Website Images: The Holy Grail of Pinterest: Someone found your website, and wants to pin an image or an article or what-have-you from your site. They create their own pin (yay!), and select an image to use. If you have great photos with the right sizing on your website, they will have a number to choose from. If you don’t, they’ll be lucky to get one image that is pixelated or doesn’t fit quite right.
Vertical images i.e. images that are wider across rather than longer in height have been found to be more appealing, indicate a professional photographic formatting and receive more views on the Pinterest Smart feed.In fact, Pinterest partners Curalate recently released stats that showed these images between 2:3 and 4:5 aspect get 60% more Repins than very tall images.
“Images between 2:3 and 4:5 aspect get 60% more Repins”
Now that we’ve exhausted the image sizing topics, let’s focus on the actual subject of your photos. After all, a great pin is nothing without the image!
Rule 1: No Faces
First off, it is important to note that faces do not get pinned as much as “things,” or inanimate objects. While this may surprise you, there is also sound logic behind this. It’s easier to see a beautiful masterpiece as your own when another person isn’t involved in the image. “I could make that,” or “I’d love to be there”- you get the idea. When you place a person in the image, it takes away from the pinner’s ability to relate. Thus, Rule #1 is no faces.
Rule 2: Little background
Now that we’ve established the no-faces rule, let’s focus on the rest of the photo. Make sure the subject of the photo is the main focus; do not have a whole bunch going on in the background. The background should be fitting to the pin, like food on a table, or paint on paper, hair on a cat… Hopefully you get the idea. Try not to use stock background images, as this distracts and makes it look less professional. When in doubt, use a plain white background or a little set-up that allows you to change the color using lights.

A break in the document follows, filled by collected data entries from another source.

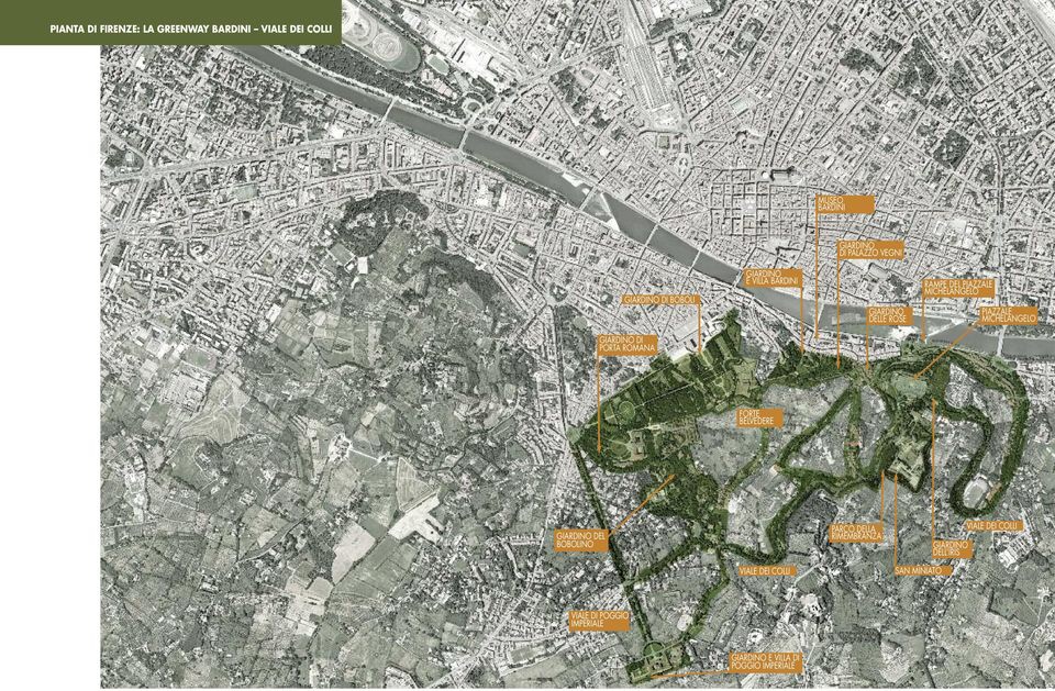 This map shows in dark blue the overall range of the Viale dei Colli.
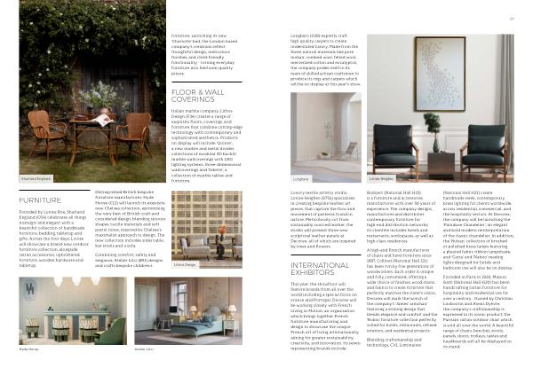 Distinguished British bespoke furniture manufacturer, Hyde House( C12) will launch its exquisite new Chelsea collection, epitomising the very best of British craft and considered design, blending sinuous shapes, tactile materials and soft pastel tones, inspired by Chelsea’ s maximalist approach to design. The new collection includes sides table, bar stools and a sofa.
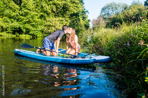 cute young couple paddle boarding on a river
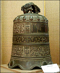 You can find a small bronze bell at the exhibition hall of "Exquisite Ancient Bells." The splendid piece of workmanship is 0.62 meter in height, 0.46 meter in rim diameter and 55 kilograms in weight. The entire bell is decorated with interlocking floral patterns and interlaced hydras patterns and bears an inscription of 104 characters. The delicate carving and fine workmanship demonstrate the high dignity and romantic charm of imperial objects. The inscription proves that the bell was cast for the Shanyuan Nunnery by Yinyu, the 15th son of Emperor Kangxi, in the 58th year of the reign of Kangxi of the Qing Dynasty (1719).
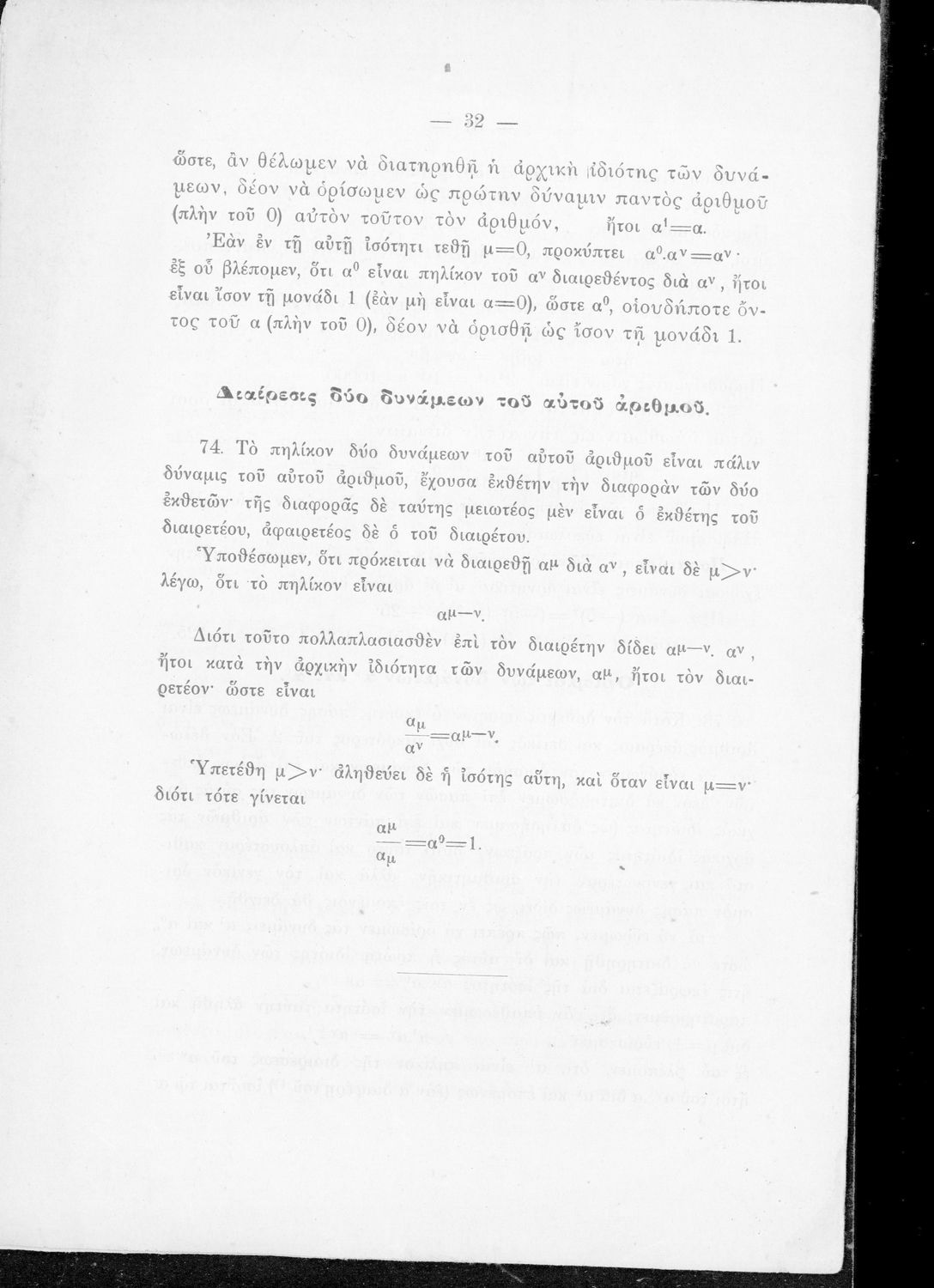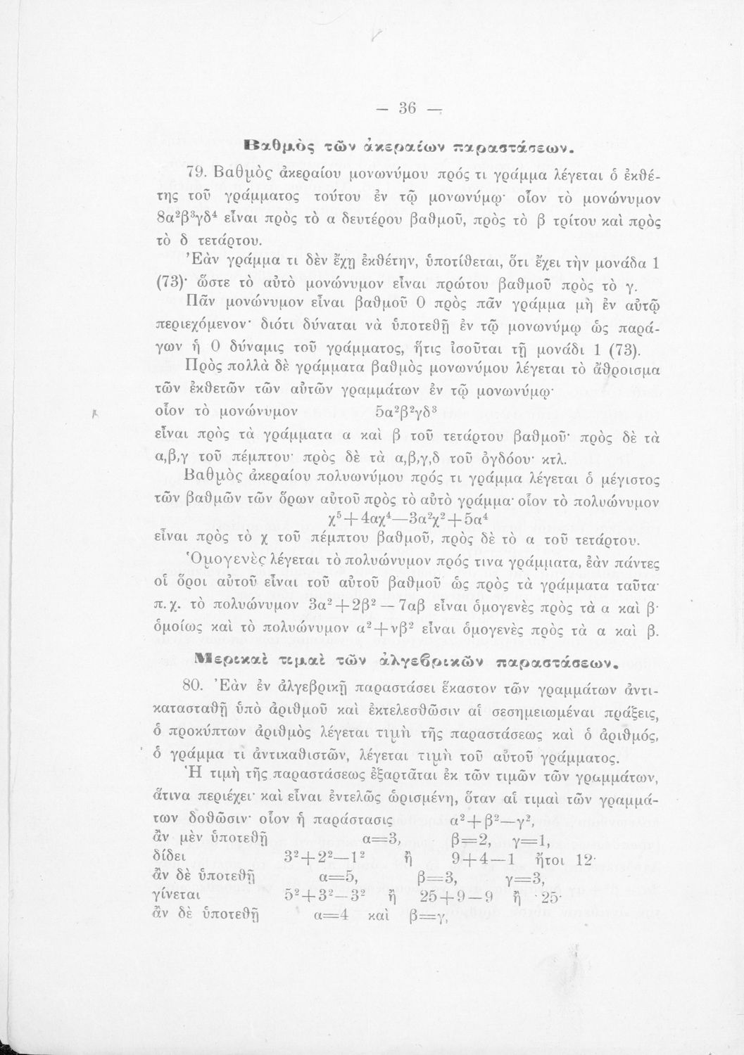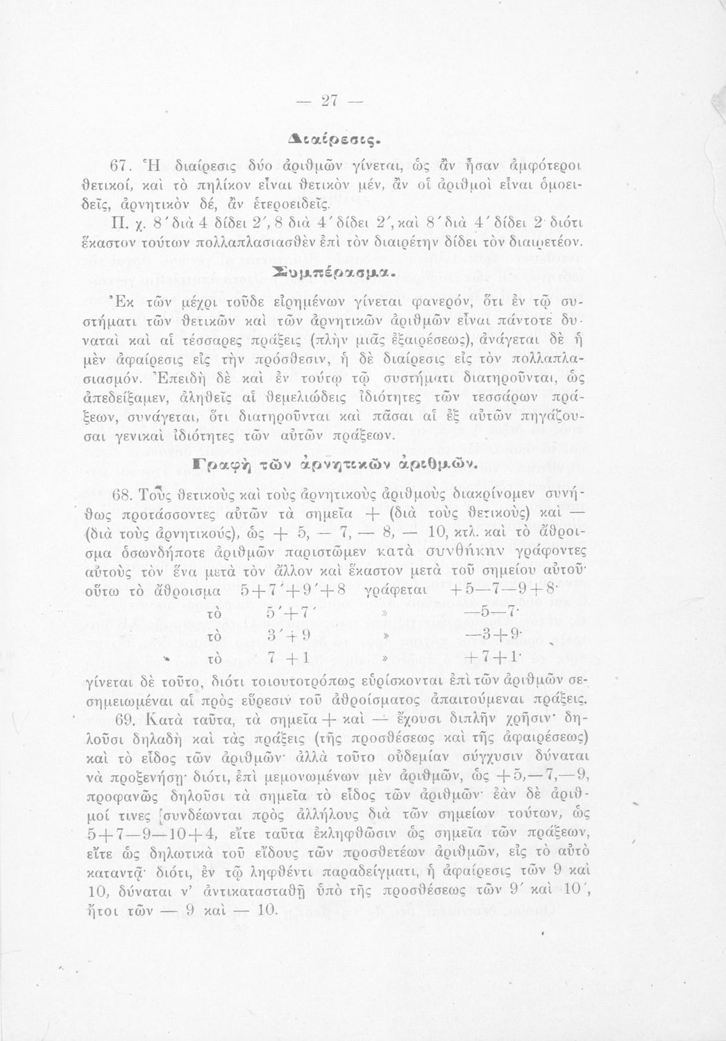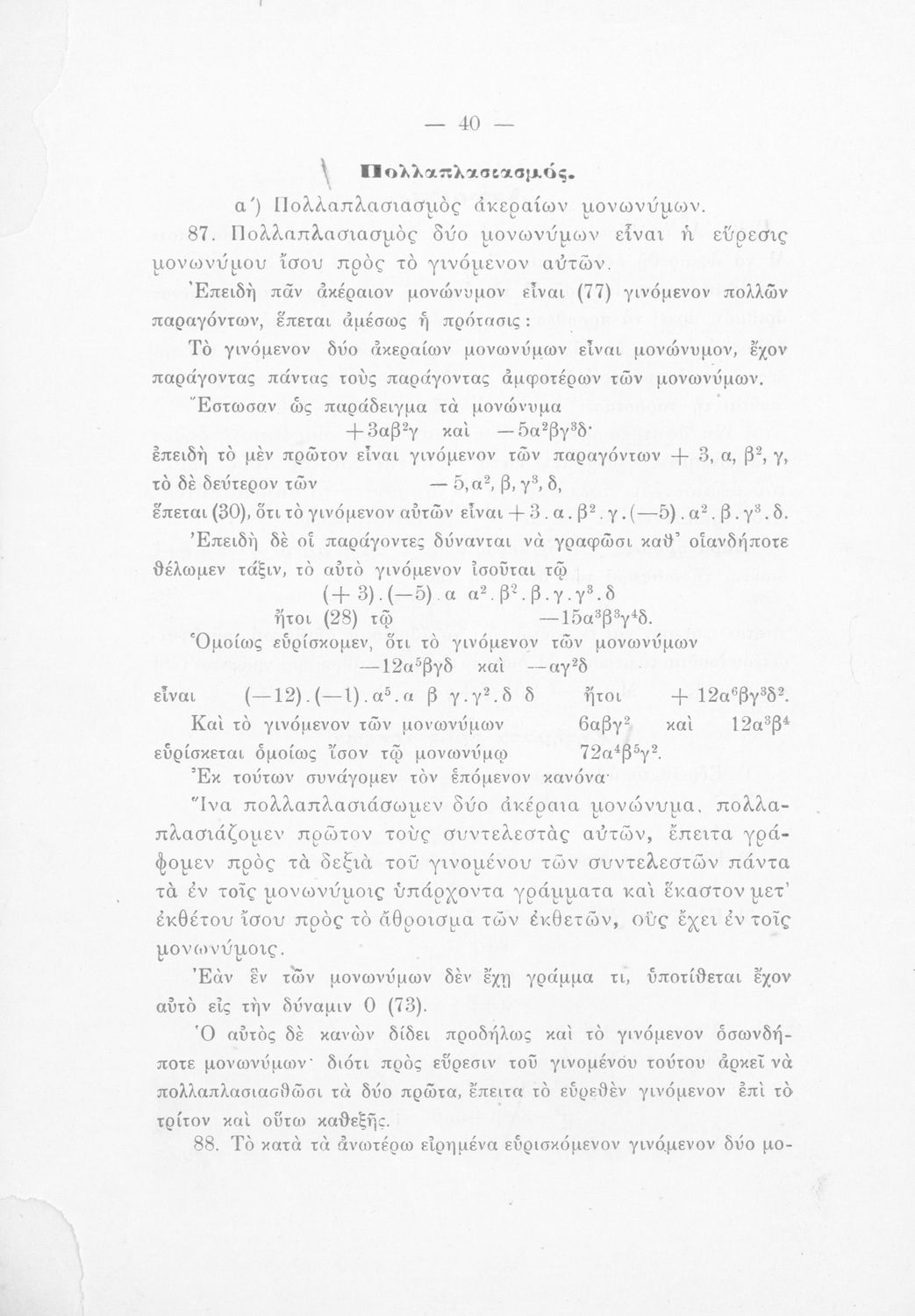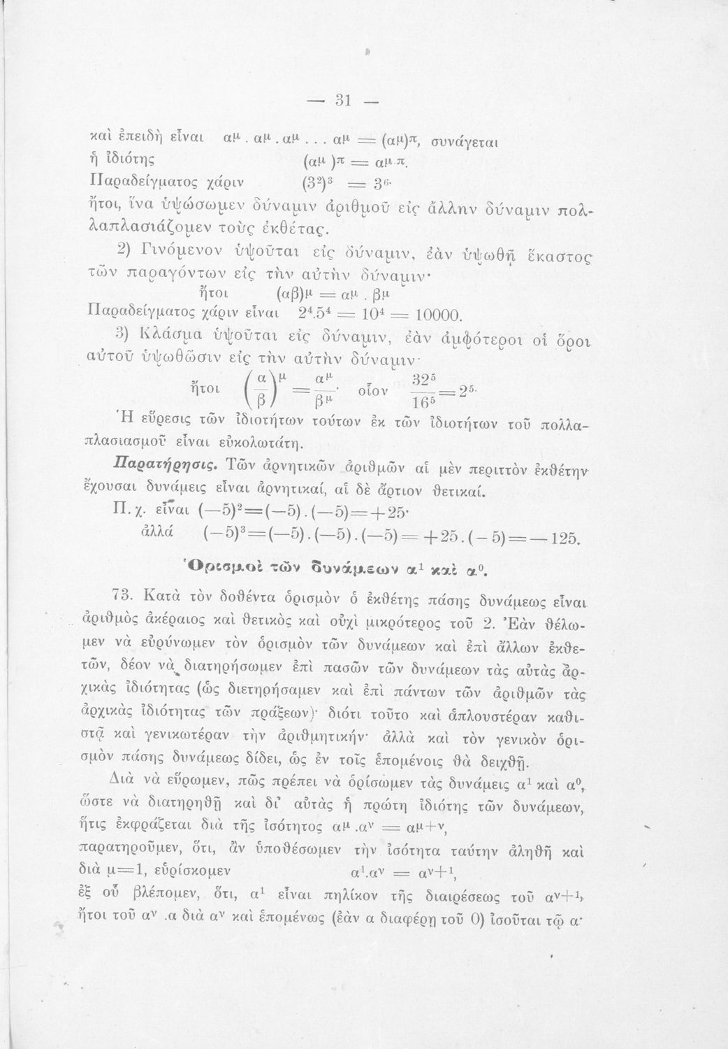 Σχολικό εγχειρίδιο Άλγεβρας Γυμνασίου που περιέχει θεωρία και ασκήσεις. Ο συγγραφέας ήταν υφηγητής στο Εθνικό Πανεπιστήμιο.

Rule 3: Moderate light and color
Speaking of lights, focus on being mediocre. Do not flood your picture with light, and do not make it too dark. Ensuring a 50% saturation in your photos (use a photo editing software to configure this) will let you get the most possible repins for your effort. Natural lighting is generally best, as it is more appealing to the eye when scrolling through canned photo after canned photo.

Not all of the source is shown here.